Throughput on iPhone 17 Pro Max	27 toks/sec for Ternary Bonsai 8B	Shows the model family is positioned for real mobile use, not just desktops.
Energy Framing	Roughly 3-4x better energy efficiency than 16-bit counterparts	Important when battery life, thermal limits or inference cost matter.

Ternary Bonsai FAQ

These FAQs map to the main informational searches around the Ternary Bonsai announcement and model family.

What is Ternary Bonsai?

Ternary Bonsai is a PrismML family of 1.58-bit language models announced on April 16, 2026. It includes 8B, 4B and 1.7B variants designed to trade a small increase in size for stronger performance than the earlier 1-bit Bonsai models.

How much memory does Ternary Bonsai need?

PrismML and PR Newswire list the family at about 1.75 GB for 8B, 0.86 GB for 4B and 0.37 GB for 1.7B, which is roughly 9 times smaller than standard 16-bit models of similar size.

How does Ternary Bonsai compare with 1-bit Bonsai?

The official comparison says Ternary Bonsai 8B scores 75.5 on average across the published benchmark set versus 70.5 for 1-bit Bonsai 8B, while requiring only about 600 MB more memory.

Where does Ternary Bonsai run?

PrismML says Ternary Bonsai runs natively on Apple devices including Mac, iPhone and iPad via MLX. The announcement also highlights local throughput results on M4 Pro and iPhone 17 Pro Max.
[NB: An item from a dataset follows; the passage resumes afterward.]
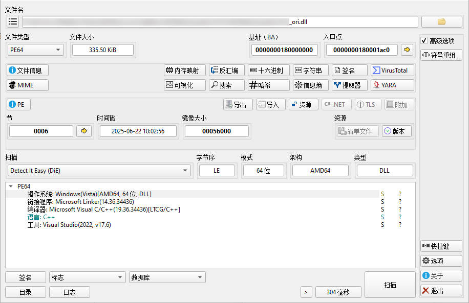 使用visual studio编译后,DLL容易被分析,主要体现在以下几点,

Is Ternary Bonsai open source?

The released model weights are available under the Apache 2.0 license according to the official announcement, with additional technical details linked through the published whitepaper.

Source References

These are the primary references used for the factual content on this page.

Hugging Face Space The embedded WebGPU demo source for the browser experience shown above. PrismML: Ternary Bonsai announcement The primary source for the April 16, 2026 announcement, the 1.58-bit architecture description, the benchmark summary and Apple MLX support details. PR Newswire release Useful for the published memory figures for the 8B, 4B and 1.7B models and for a second primary-source version of the launch announcement. Ternary Bonsai whitepaper The technical document linked by PrismML for readers who want the methodology behind training, evaluation and benchmarking.